The acting is stellar, like we expected it to be. I think Martin Freeman has become very flexible as Bilbo Baggins and he feels like a character, likewise with Richard Armitage as Thorin Oakenshield. One thing this second half benefits from is not having to introduce thirteen dwarves, and the film picks up nicely where the other film left off. I feel Gandalf The Grey has become second hand nature from Sir Ian McKellen at this point, and he delivers the goods once again, so do the twelve other dwarves and Radagast the brown. All of these characters are very well realized and each character has a particular moment when they shine.

We do get introduced to many other characters this second time out, but Jackson handles the introductions a lot better than the first film. This isn't just a quick, meet-and-greet then we're off on the adventure. We learn more about Thorin relationship with Thranduil (Lee Pace) and we get a sense of their distrust of each other. We learn about Tauriel (Evangeline Lilly) and her affection toward a particular dwarf and why she feels Mirkwood needs to join the fight against Azog (Manu Bennett). We also learn about Bard The Bowman (Luke Evans) and how he feels the dwarves need to reclaim their homeland will have a terrible cost.

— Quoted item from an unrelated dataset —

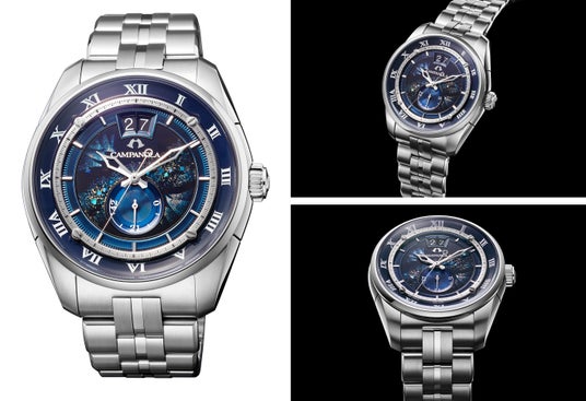 『カンパノラ』は、2000年にデビューして以来、腕時計を単に時刻を知るだけのツールではなく、「雄大な宙(そら)に想いを馳せ、今という時を愉しむ。」をテーマに掲げ、先端技術や匠の技を活かした独創的なモデルを発表し、高い評価を得てきました。ガラスに遮られたわずかな空間に、無限の宇宙を閉じ込める「宙空の美」をデザインコンセプトに、サークル形状の五徳リングなど、パーツを組み合わせた多重構造を持ち、建築物のように立体的な表情を醸しだすデザインが特長です。

These subplots are fleshed out properly and we believe in them. I had a bad feeling about Orlando Bloom returning as Legolas. I know the group journeys to Mirkwood in the book, Legolas' home. It is very possible that he was there in the book, even though he's never mentioned. I thought Bloom would overcrowd the movie and stand out because his character was a hit in the original trilogy. I am happy to report that Legolas is handled well in this movie. He's given many scenes to shine, but his storyline doesn't drown the central story. 

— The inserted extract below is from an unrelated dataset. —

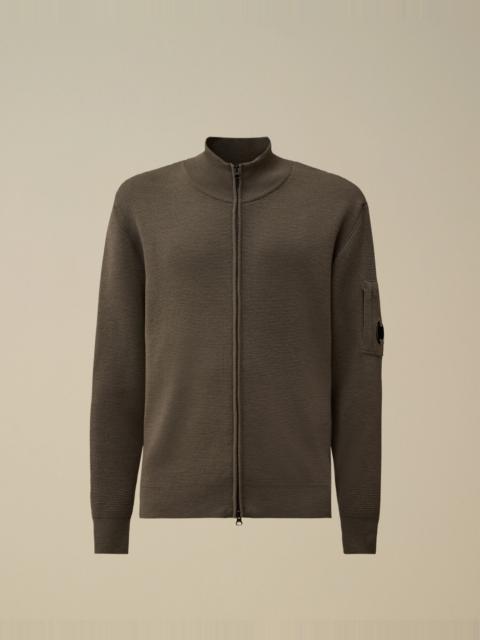 Full zip cardigan crafted in Re-Wool, an Extrafine Merino Wool blend certified by the Responsible Wool Standard (RWS) and combined with recycled Polyester certified by the Global Recycled Standard (GRS). The knit features a ribbed collar, and C.P. Company’s iconic Lens. Finished with ribbed cuffs and hem. Gauge 12. Regular fit. - Ribbed collar - Two-way full zip fastening - Lens detail - Ribbed cuffs and hem - 12 Gauge knit - Regular fit CARE & COMPOSITION Care - Wash max 30°C - Very mild process - Do not bleach - Do not tumble dry - Ironing maximum temperature 110°C - without steam - Dry cleaning in tetrachloroethene - mild process - Flat drip dry - Remove detachable accessories before washing Composition - External fabric: 55% Virgin wool, 45% Polyester SIZE & FITTING - Fits true to size, take your normal size - Model is 186 cm-6' 1" / 98-103 cm chest and is wearing a size L PRODUCT PASSPORT PRODUCT - Weaving: Bulgaria - Dyeing: China - Confection: Bulgaria - Product contains at least 40% of recycled material PACKAGING - Minimum percentage of recycled materials 70%

Oh...and have I mentioned Benedict Cumberbatch's Smaug yet? My gosh, I can't think of another time in movies where a voice complimented a character better. Cumberbatch's voice work is excellent, as close to perfect as it can get. The last stretch of the film involving Smaug gave me goosebumps and butterflies in my stomach. I didn't want it to end, it was everything I hoped it would be and more. Jackson nailed Smaug, you have no idea how happy it makes me to say that.

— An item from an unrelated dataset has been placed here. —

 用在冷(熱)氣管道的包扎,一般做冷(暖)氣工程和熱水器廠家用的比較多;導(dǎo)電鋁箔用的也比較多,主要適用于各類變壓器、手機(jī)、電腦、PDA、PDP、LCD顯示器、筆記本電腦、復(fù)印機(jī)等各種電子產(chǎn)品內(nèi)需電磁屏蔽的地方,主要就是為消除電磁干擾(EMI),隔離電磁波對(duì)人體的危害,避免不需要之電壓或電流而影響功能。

I felt the action scenes are better in this half than the last as well. There is a scene early in the film where the Bilbo and company are escaping Mirkwood by the use of barrels, which only slams them into a pack of Orcs. What ensues is a humorous, adventurous, gargantuan, fight scene that is so fun to watch that I lost track of where I was and what I was doing. The amount of imagination Jackson pours in this long scene is utterly breathtaking, and could easily become the best scene in the overall Hobbit trilogy. I love that the action pieces are so much stronger this time out.

I know I said pacing was improved upon this time out, and it was. But I couldn't help but still get distracted from it a little, I must emphasize little though. I also have to say that the last 20 or so minutes of the movie could have been edited a bit better. The jumping from side-story to side-story got a little distracting after awhile. But I can't think of anything else bad to say, I think Jackson is going to finish this trilogy in a way that will leave Tolkein fans and general audience members satisfied. All I could think as I left the theater today that I can't wait for next year, the conclusion to this story is going to be great. 

Oh, and the ending? Awesome. I can't remember the last time I had such terrible Cliffhanger Syndrome. The spot where Jackson chose to end the film will leave you speechless. Speechless.